Engagers – the companies benefitting from individuals’ work –therefore become responsible for determining whether a contractor is inside or outside IR35, and deducting income tax and employee national insurance where applicable.

Many engagers have introduced robust systems to examine employment status and begun to review the relationships they have with workers. Self-employed freelancers are now being checked routinely by engagers.

There are already concerns that some companies are “sheep-dipping” their freelance workers, instead of examining each individual relationship, with the result that groups of freelancers are put on PAYE, even though they are clearly self-employed. In the film and TV sector HMRC has re-issued its list of workers in grades which should normally be treated as self-employed, which covers many, but by no means all, BECTU members.
Source: Bectu.org.uk

Freelancers with a Lorimer letter should generally be able to satisfy clients that they are not employees.

How to get a Lorimer letter

While it’s been said that HMRC used to give Lorimer letters away like confetti some time ago, more recent anecdotal evidence suggests HMRC scepticism has increased and rules on the provision of Lorimer letters have tightened.

To apply for a letter, HMRC asks for the completion and return of this questionnaire and engagement history spreadsheet.

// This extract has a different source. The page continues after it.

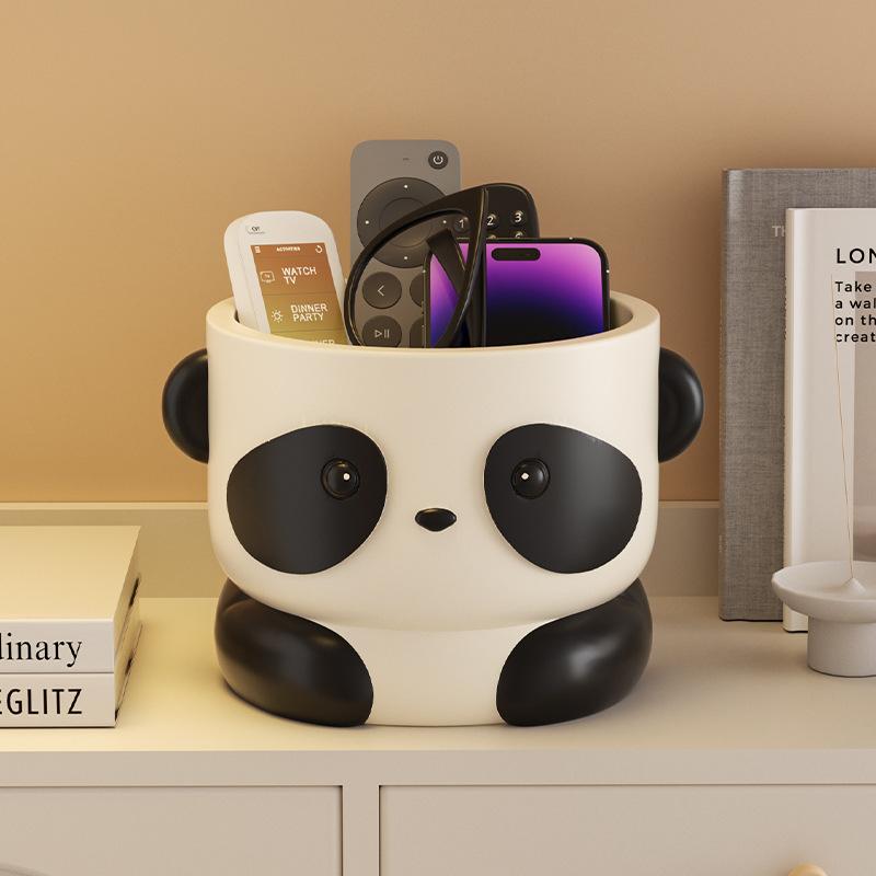 インテリア雑貨 パンダ 置物 多機能 収納 ブックスタンド ペン立て 鍵置き 小物入れ 玄関 リビング デスク テレビ台 飾り棚 樹脂製 かわいい おしゃれ 縁起物

The period required for the spreadsheet is the last 12 months’ work history.

HMRC says: “We will consider an application for a letter if a worker can demonstrate multiple short-term contracts of 10 days or less over a 12-month period for different companies.

“They would also need to show that they work as a self-employed business with some financial risk/expenditure to find and manage the work and/or provision of substantial equipment.”

The Lorimer letter questionnaire

The questionnaire you’ll be asked to complete and return when applying for an L10/ Lorimer letter asks for basic details such as your job title and NI number, information on your business’s expenditure and methods in organising and obtaining your work, and moves on to questions relating to your business set-up.

If you have to use your own kit to perform your job, HMRC will want you to list and value each item.

The engagement history spreadsheet, meanwhile, asks for a list of your employers in the past 12 months, and it should account for every separate engagement in date order.

HMRC will not normally consider an application for a letter of authority unless you can demonstrate multiple short term contracts of 10 days or less over a 12 month period. This is not the only deciding factor and HMRC would normally expect you to also be able to demonstrate that you have a business structure in place which would show there was some financial risk and/or provision of substantial equipment (other than what HMRC consider to be tools of the trade)
Source: BBC.com

Applications can be emailed to [email protected] and HMRC suggest applicants allow up to 15 working days for approval (or otherwise).